GitLab CI outage
Incident Report for Appirio
Postmortem

Appirio uses a hosted instance of GitLab to which we don’t have direct admin access. Our primary CI job runner ran out of disk space causing CI jobs to fail.

We responded by creating another CI runners on the same hosted service, but this runner encountered errors that indicated a misconfiguration that we couldn’t fix without admin access.

Our hosted service provider has reduced their SLA to 1 business day, and they did not respond to this High Severity incident as quickly as they have in the past.

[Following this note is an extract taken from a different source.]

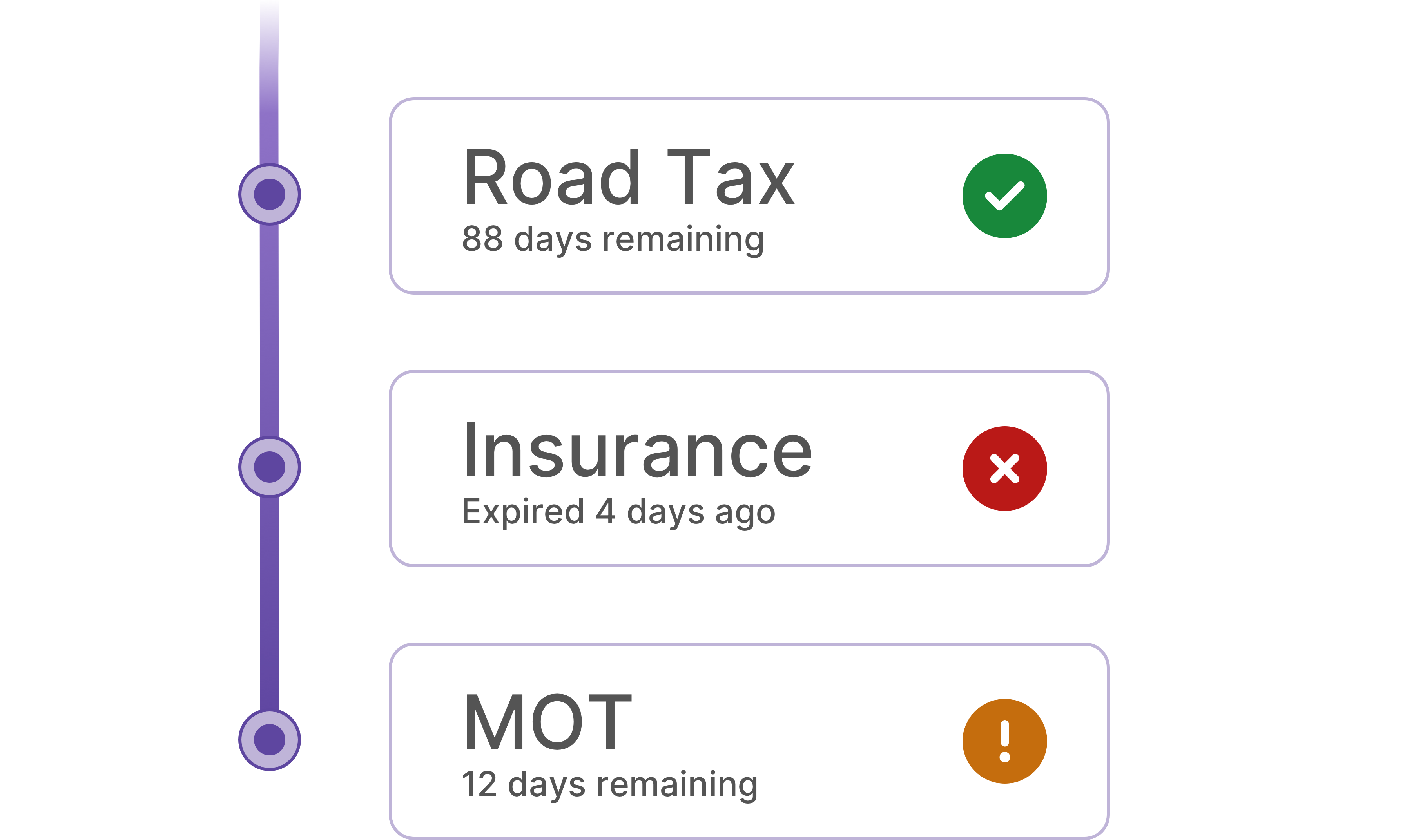 Using DVLA live data, we keep on top of your MOT and road tax, and you don't have to do anything. We will let you know when you need to take action.

After the incident had persisted for several hours without a response from the service provider, we decided to create a CI runner on a separate service that we had admin access to. That resolved the outage.

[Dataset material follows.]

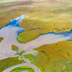 這是甘肅省甘南藏族自治州瑪曲縣阿萬(wàn)倉濕地內的一處沼澤(2022年9月17日攝,無(wú)人機照片)。新華社記者 郎兵兵 攝

Our plan for some time has been to move to a fully self-hosted GitLab instance, and this outage gives us additional motivation for that. In addition, we are now running multiple redundant CI runners to provide failover support.

Posted Apr 12, 2019 - 01:28 EDT

Resolved
This incident has been resolved. We apologize for the disruption and are looking at ways to prevent this in future.
Posted Apr 12, 2019 - 01:27 EDT
Investigating
Our GitLab CI runners are currently failing. We have escalated this issue and will resolve it as soon as possible.
Posted Apr 11, 2019 - 19:29 EDT
This incident affected: Appirio DX.